Всего лишь две тыщи локтей,
И мы недоступны врагу.
Пока не ослабла рука,
Пока не запятнана цель,
Вгрызайся в породу, кирка,
Тянись через время, туннель.
Довольно бичей и оков,
Замолим чужие грехи,
Я слышу сквозь толщу веков
Биение встречной кирки.
Я помню, что жизнь коротка,
Я знаю, что годы — шрапнель.
Вгрызайся в породу, кирка,
Стремись через время, туннель.
Киннерет
В области верхнего до
начала всего, перед
Временем, перед Светом, в мареве зыбком
Тивериадское море звалось Кинерет,
Что в переводе с иврита звучит, как скрипка.
Именно в этой области — "пó морю, аки пóсуху",
Аки смычком по струнам (трение — не взлечу!),
Ибо я здесь рождённый
и в то же время посланный,
В каждой руке вместо посоха по солнечному лучу.
Знаю, в Твоих пространствах нету иного способа,
Встречный горячий ветер прядь уберёт со лба.
Пó морю, аки пó миру. Пó морю, аки пóсуху,
Если доверит Кинерет. И совпадёт судьба.
В области верхнего до
мне не хватает воздуха,
Как не хватает Слову нездешнего падежа.
Пó морю, аки пóсуху — это по струнам, Господи,
Это звучит Кинерет. Это парит душа.
* * *
Слышите шум? — это снова шаманит зима,
Души, дома и деревья в одной круговерти.
Только хватило б дыхания выдохнуть: "Шма,
Шма, Исраэль!"[1] —
и не страшно встречаться со смертью.
Птица не может взлететь и ложится плашмя,
Тело своё прижимает к спасительной тверди.
Только хватило б дыхания выдохнуть: "Шма,
Шма, Исраэль!" —
и не страшно встречаться со смертью.
Звёздные хлопья опять меня сводят с ума.
Белая мгла роковую окружность очертит.
Только хватило б дыхания выдохнуть: "Шма,
Шма, Исраэль!" —
и не страшно встречаться со смертью.
Знаю и сам, что душа перед Небом грешна,
Всё, что положено, мне по заслугам отмерьте.
Только хватило б дыхания выдохнуть: "Шма,
Шма, Исраэль!" —
и не страшно встречаться со смертью.
Мост Вздохов
Мост Вздохов. Всего несколько шагов из неописуемой роскоши Дворца Дожей в непроглядный мрак средневековой темницы под свинцовой крышей. Если повезёт, успеешь в последний раз увидеть в зарешеченных окнах море, солнце, небо. И вдохнуть. И вздохнуть. Потому — Мост Вздохов. Но это изнутри.

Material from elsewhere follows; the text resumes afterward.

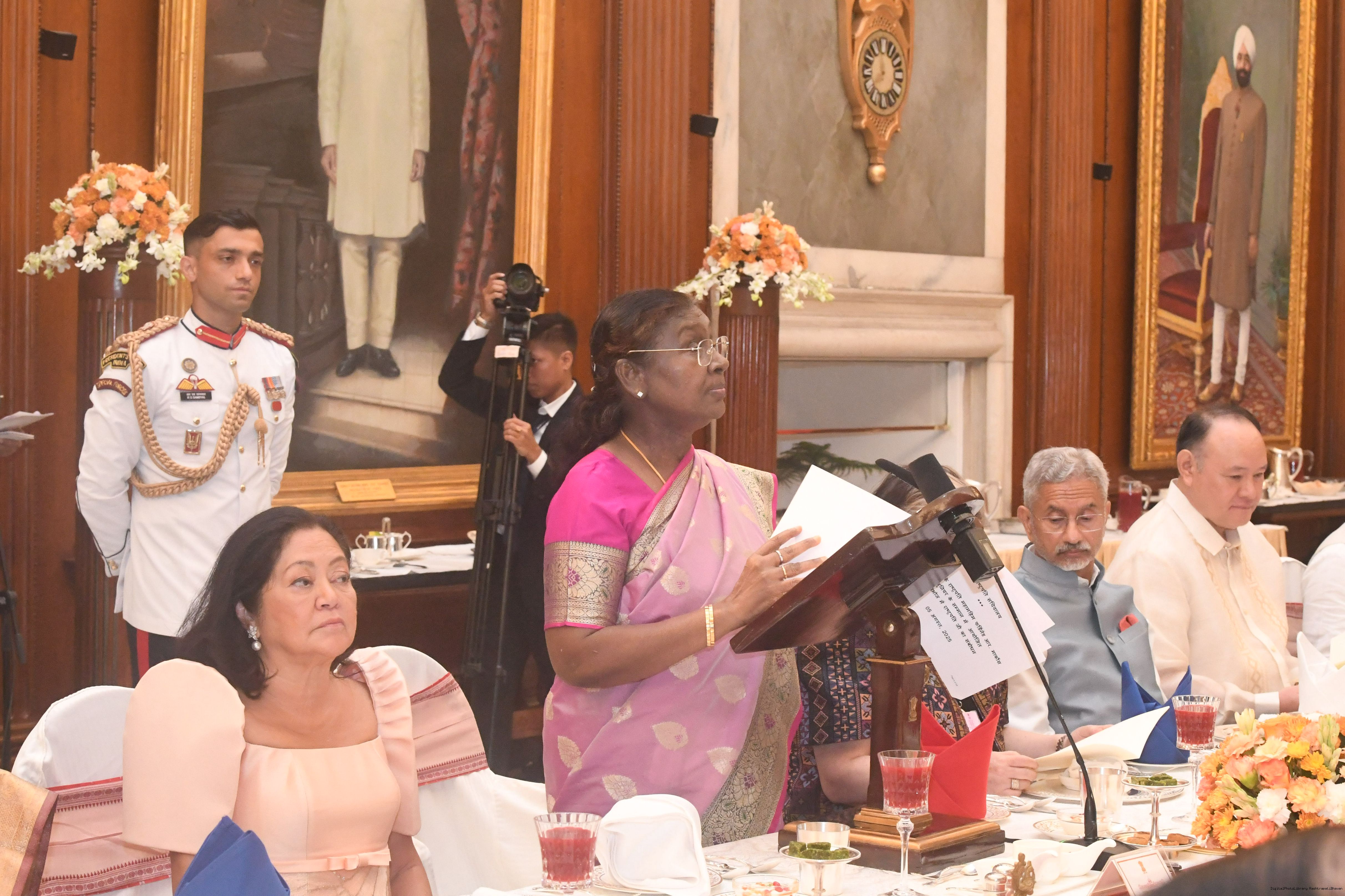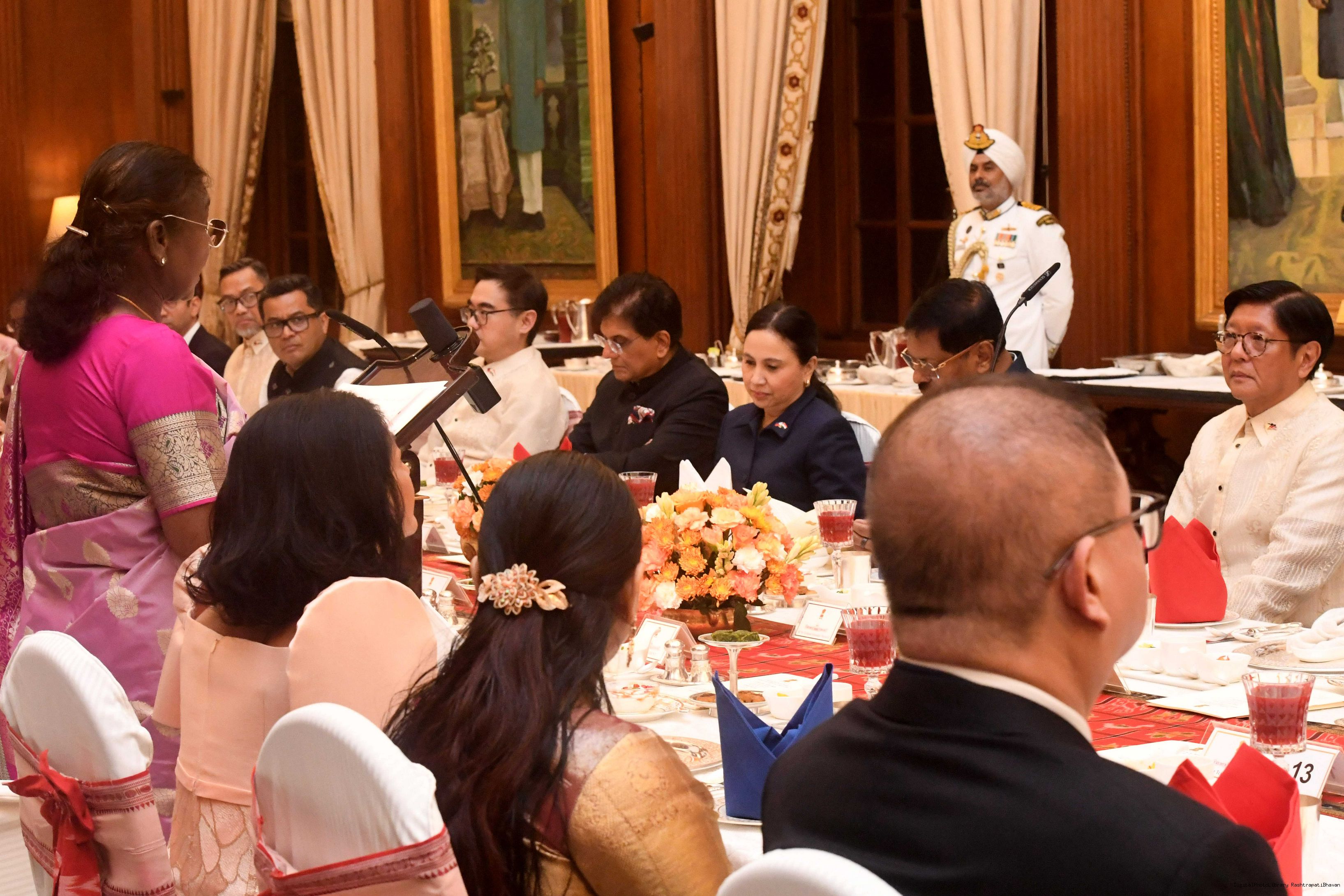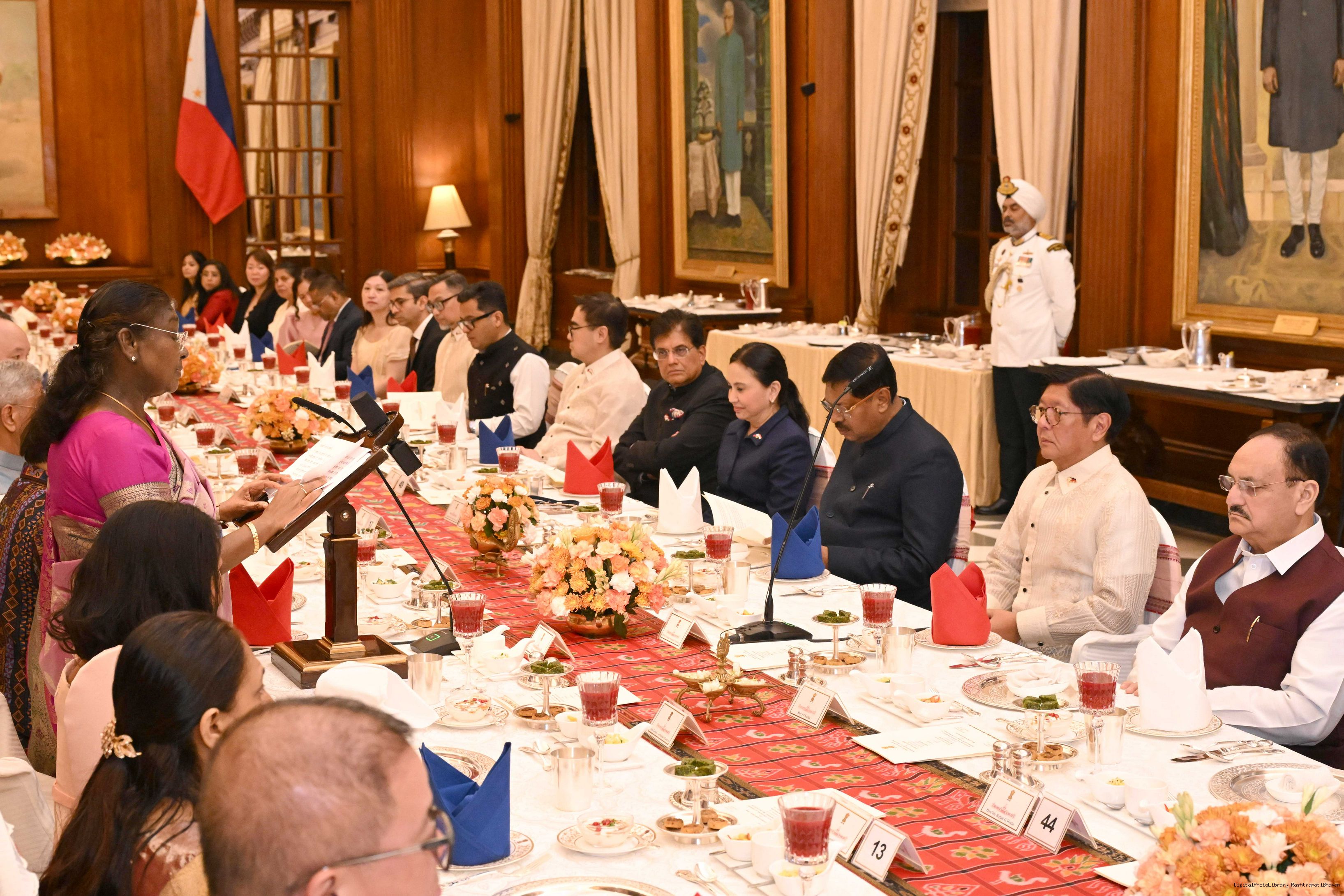 | Caption: | The President of India, Smt Droupadi Murmu hosted a banquet in the honour H.E. Mr Ferdinand Romualdez Marcos Jr., President of the Republic of the Philippines at Rashtrapati Bhavan on August 5, 2025. |

А снаружи, украшенный затейливой мраморной резьбой и ажурными решётками, изящный кошачий изгиб над узким каналом очень напоминает аристократические носилки.
Где этот уголок земли?
Какая за бортом эпоха?
Куда меня вы занесли,
Носилки времени — Мост Вздохов?
Приподнятая арки бровь,
Кирпичной башни мощь нагая...
Венеция, ты, как любовь,
Бег времени опровергаешь.
Нет, не любовь — венец любви...
Господь, наверное, печатал
Гравюры вечные твои,
Используя фольгу заката.
Побыть принцессой в царстве сна
Иль приобщиться к райским кущам —
Венеция, твоя цена:
Забыть о времени текущем,
Не помнить собственных примет.
(Твой мир — ажурных кружев мрамор.)
Не явлен даже силуэт.
Стократ ценней портрета рама.
И маска. Арлекин. Пьеро.
Описка. Кляксочка. Помарка.
Пух. Голубиное перо
На площади Святого Марка.
И жажду смертных никогда
Не потому ль не утоляла
Зеленоватая вода
Стекающего в Стикс канала.
Пойми, прости, родной Подол,
Ты родина моя и крест мой,
Но здесь мне чёрный лак гондол
Зияет, как рояль отверстый.
Мост Вздохов, уноси во тьму,
Мой век в твоих носилках дремлет.
Теперь я знаю, почему
Иосиф выбрал эту землю[2].
Урий. Бессонная ночь
...Давид прогуливался по кровле царского дома и увидел с кровли купающуюся женщину. А женщина была очень красива... И сказали ему — это Вирсавия, жена Урия... И он спал с нею... И послал сказать: пришлите ко мне Урия... И расспросил его Давид о ходе войны... И вышел Урий из дома царского, а вслед за ним понесли царское кушанье... Но Урий спал у ворот... со всеми слугами, а не пошел в свой дом... И донесли Давиду... И сказал Урий Давиду: рабы господина моего пребывают в поле, а я пошел бы в свой дом есть, пить и спать с женою!.. Поутру Давид написал письмо и послал его с Урием... В письме он написал так: поставьте Урия там, где будет самое сильное сражение, и отступите от него, чтобы он был поражен и умер...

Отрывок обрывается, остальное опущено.